Limitations: unfortunately, in our study, we did not measure the vascular access blood flow in patients with patent VA or before VA closure; however, only 6.2% of all patients have had a fistula located within the cubital fossa, which is usually characterized by higher blood flow. The majority of patients had a patent or occluded vascular access within their wrist region. Additionally, we assume that the retrospective study design may be a source of bias, related to previous loss to followup of patients with severe LVH and heart failure, who died because of MACE during their first posttransplant years.
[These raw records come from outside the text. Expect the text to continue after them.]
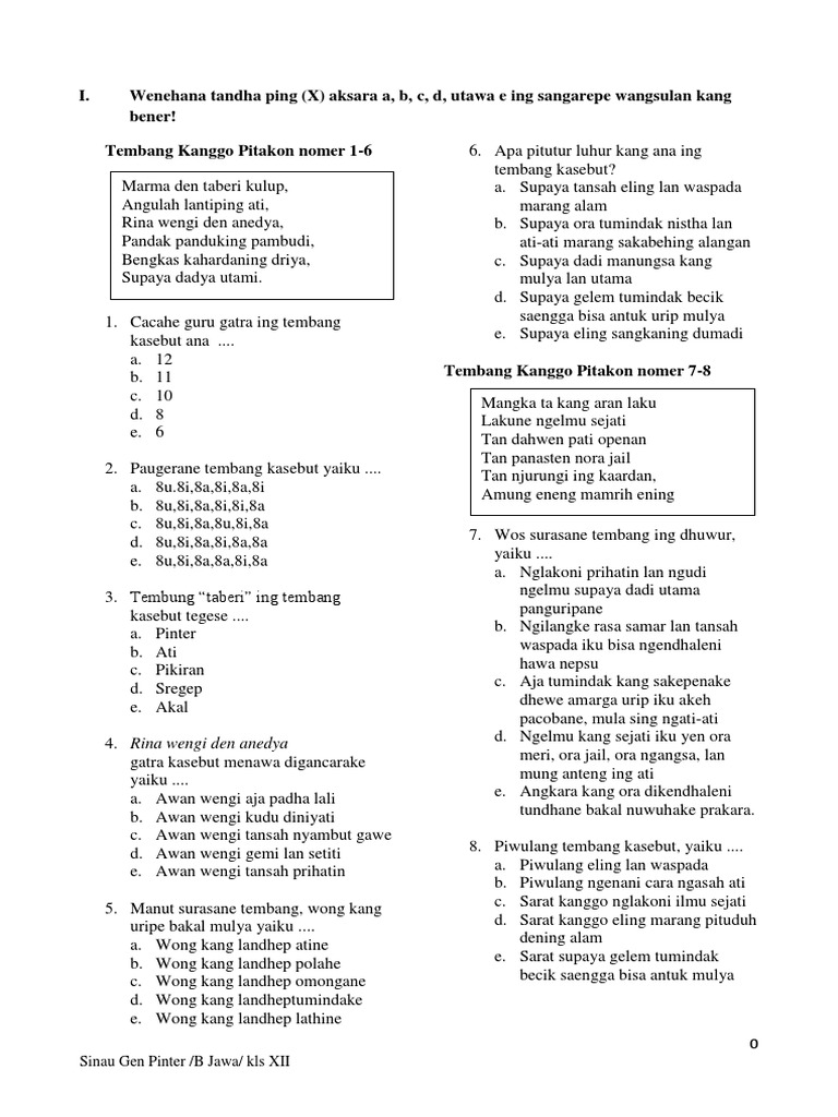 Tembung geguritan asale saka tembung gurit kang ateges gubah, karang, sadur. Dadi wong aja rumangsa bisa. Tembung priyangga ing tembang kasebut ateges …. Bu guru ngagem buku saking kantor b. Guru wilangan gumantung saka kalungguhan utawa panggonane larik sajrone pada ing sawijining pola sajak. Ing antarane yaiku tembang gedhe, tembang tengahan, tembang cilik utawa umume diarani tembang macapat, lan tembang dolanan. Agama iku dadi tuntunane wong urip. Saka tembung nom utawa godhong asem = sinom. Pangkur (14 pada) ana ing serat wedhatama pupuh pangkur duweni piwulang ngelmu kang sempurna, kang dadi pathokaning kanggo manungsa yaiku babagan sopan santun. / saka tower pengintai, pengunjung bisa ndelok apa ae ing apa sebabe penangkaran penyu ora oleh suwi?.bu guru ndamel buku saking kantor c. Ancase ya padha karo ibadah pasa ing sasi pasa, yaiku reresik jiwa raga. Dadi murid iku kudu bekti aben dina sinaukang nyata sinaune kanthi sae nduwe sikap kang luhur lan kang jujur. Tembung kang trep kanggo njangkepi ukara kasebut yaiku.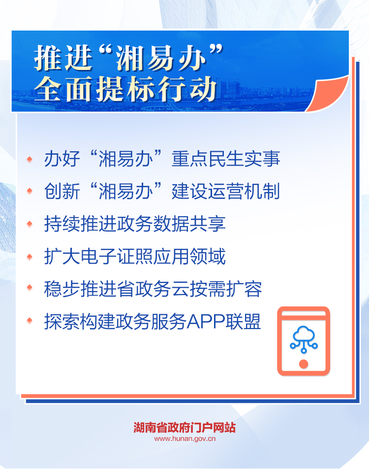 近日,省政府辦公廳印發(fā)了《湖南省2023年政務(wù)管理服務(wù)工作要點》,文件提出重點圍繞打好“發(fā)展六仗”,著力開展“六大行動”。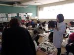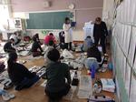 特別非常勤講師の柳田先生が各クラスをまわり、子どもたち一人一人にアドバイスや称賛をおくりました。担任の先生がその様子をタブレットで撮り、他のクラスの画面に投影し、先生の書写指導を共有していました。みんな落ち着いて、いい字を書いていました。作品は、1月の授業参観に合わせて校内掲示されます。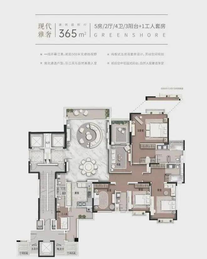 约365㎡5房双套房|2厅|4卫|3阳台+1工人套房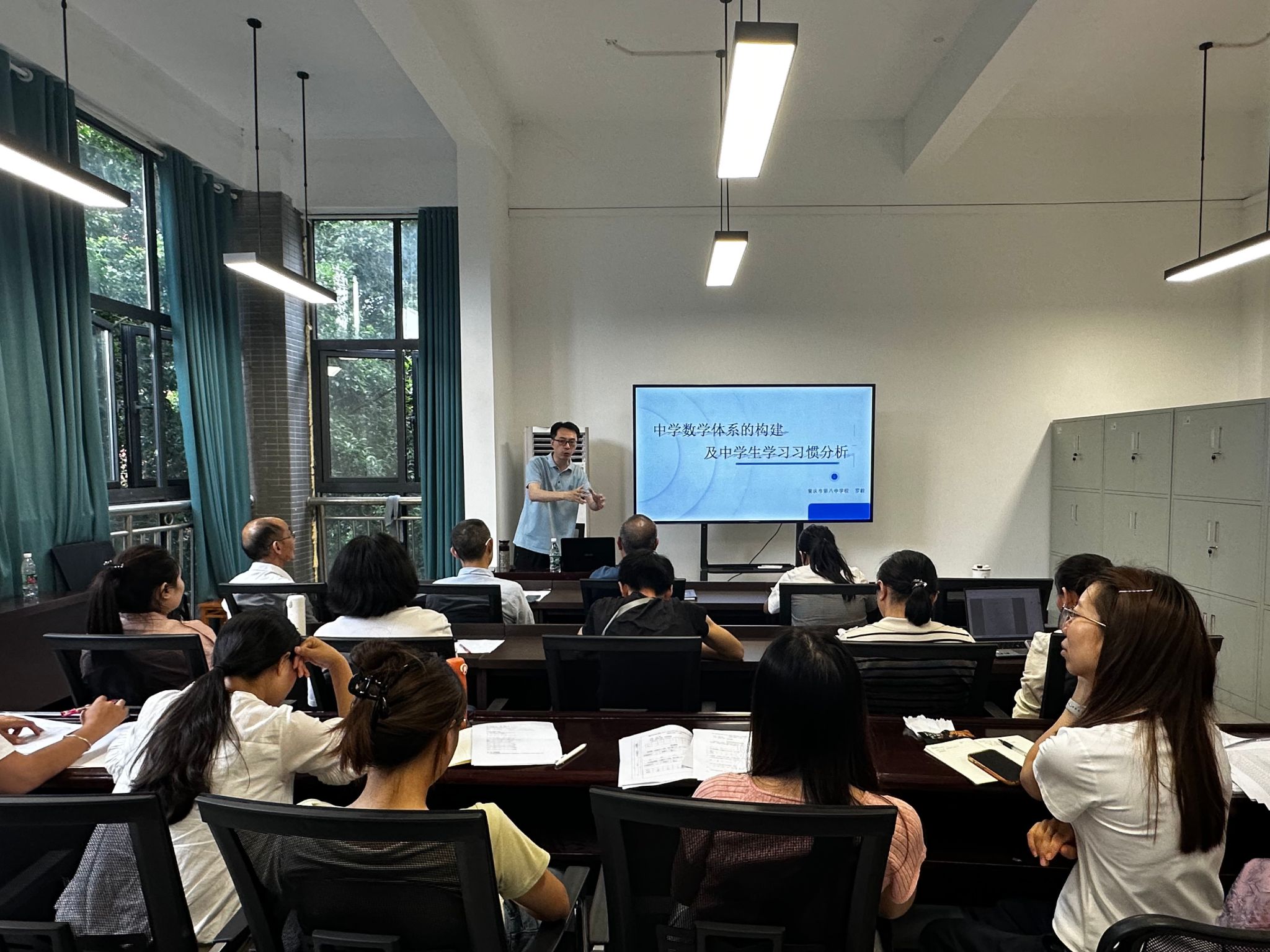 在当前强化核心素养教育背景下,由于初等教育与高等教育的目标任务不同,因而数学课程在衔接上也面临着知识跨越与思维转型的双重挑战。2025年5月28日,数理教学部特邀重庆市第八中学校罗毅老师开展专题讲座,聚焦“中学数学体系构建及学生学习习惯分析”。本次讲座由杨春德主任主持,全体数学教师参与,共同探讨如何实现“育人”目标的有效衔接与提升。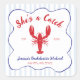 Add a nautical touch to your celebration with these “She’s a Catch” lobster bachelorette party stickers. Designed with a bold red lobster illustration, nautical red and blue accents, and a light blue and white striped background, these stickers bring playful seaside charm to your event. A hand-drawn wavy frame and handwritten-style font complete the look, making them stylish and fun.
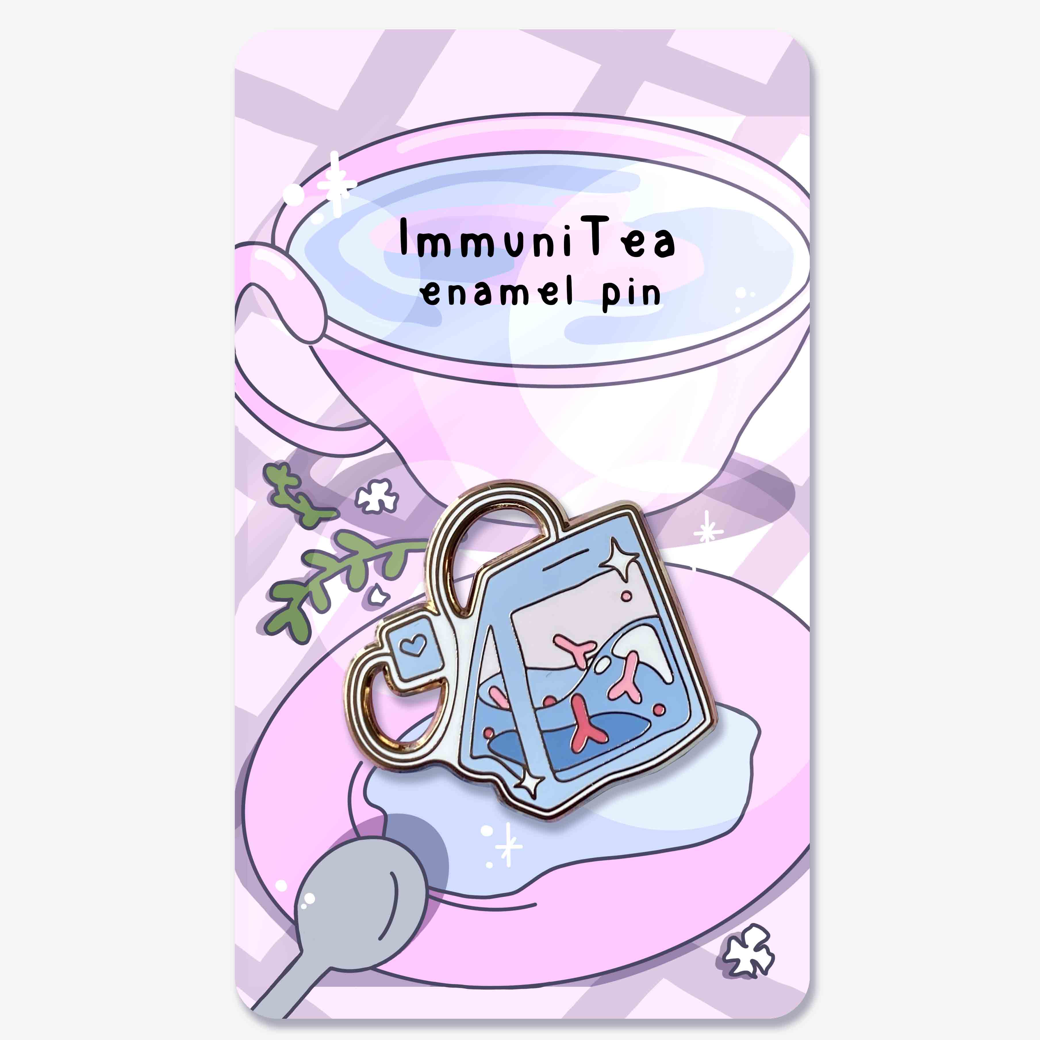 Découvrez notre pin's en émail ImmuniTEA, un indispensable à la collection de tout scientifique ! Ce pin's représente un sachet de thé rempli de petits anticorps (ou anTEABodies !). Fabriqué en métal de haute qualité, il est orné d'un émail éclatant qui sublimera son design. Mesurant 3,2 cm, il est l'accessoire idéal à accrocher à votre blouse, votre sac à dos ou votre cordon.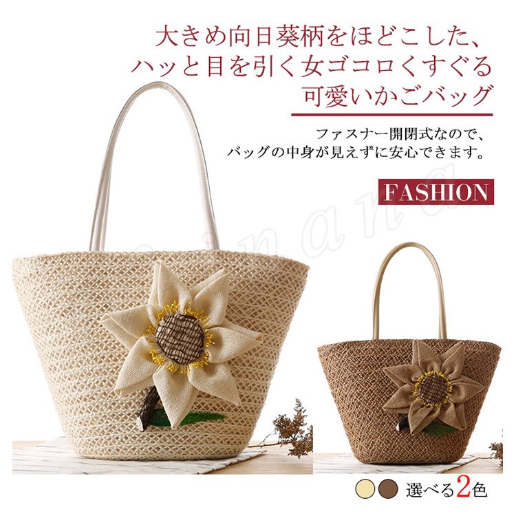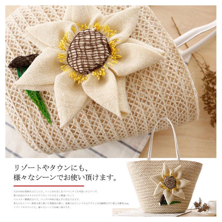 向日葵フラワーモチーフで大人可愛い。フラワーモチーフ かごバッグ トートバッグ 大容量 大きめ カゴ バッグ 軽量 カジュアル ナチュラル 向日葵 柔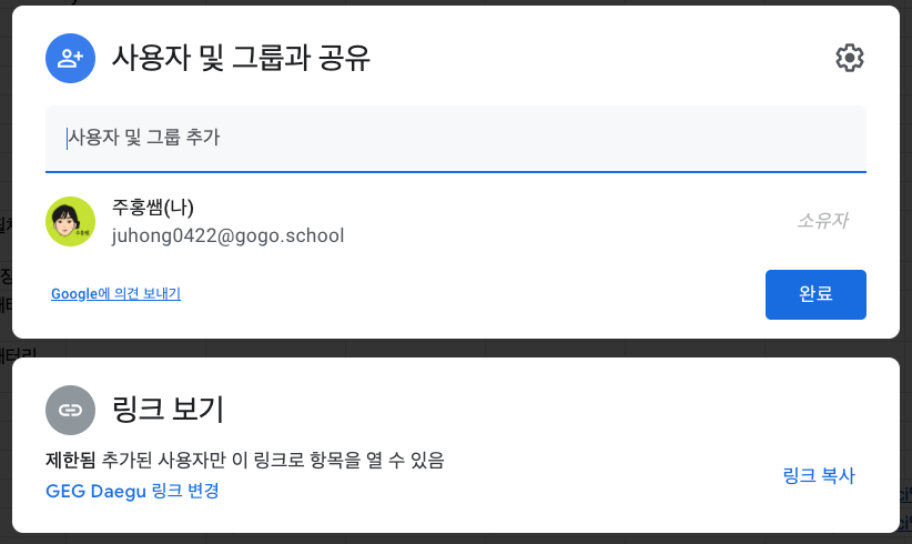 - 조직명(화면상 GEG Daegu): 가운데 사진의 경우처럼 G Suite 계정일 경우에만 나타나는 옵션입니다. 조직의 전체 사용자만이 이 링크로 들어와 편집할 수 있습니다.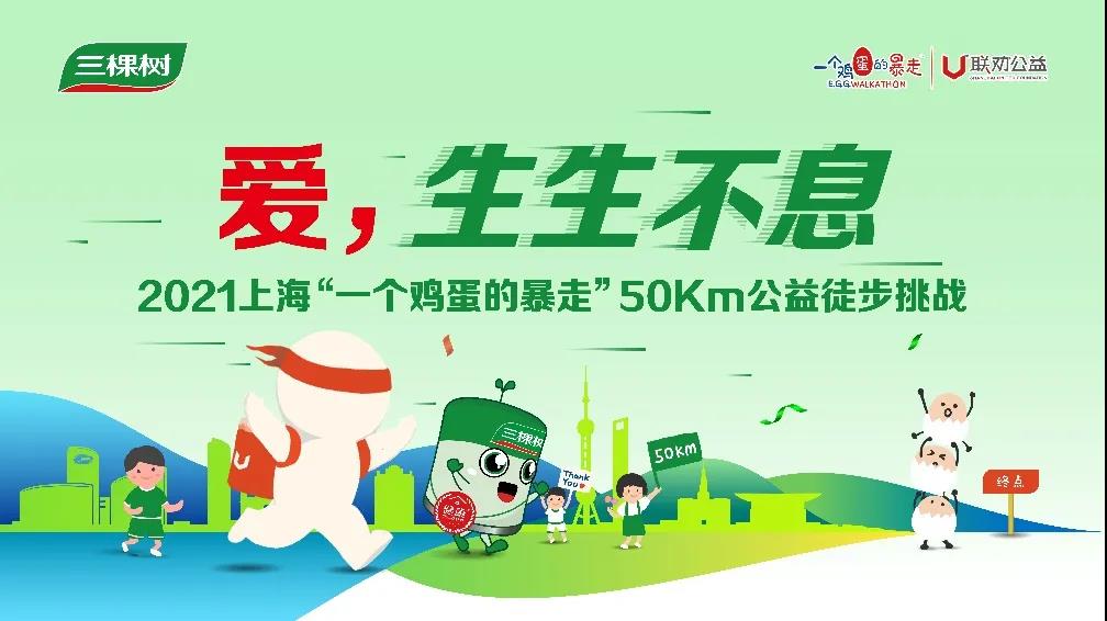2021“一个鸡蛋的暴走”公益徒步活动于5月15日在上海浦东举行。三棵树50名员工志愿者及合作伙伴组建10支小森暴走队,带着“爱,生生不息”的信念踏上这场征程,为需要帮助的孩子们捐款,让他们遇见更多美好。

In conclusion, the long-lasting presence of patent vascular access after kidney transplantation is associated with the higher prevalence of LVH in these patients. As the multivariate regression analysis revealed the patency of vascular access as the only potentially modifiable independent variable, which may influence the prevalence of LVH in this population (the others were age, duration of pretransplant dialysis therapy, and eGFR), the closure of still functioning vascular access should be considered in patients with adequate kidney graft function, to reduce the risk of heart failure in long-term posttransplant period.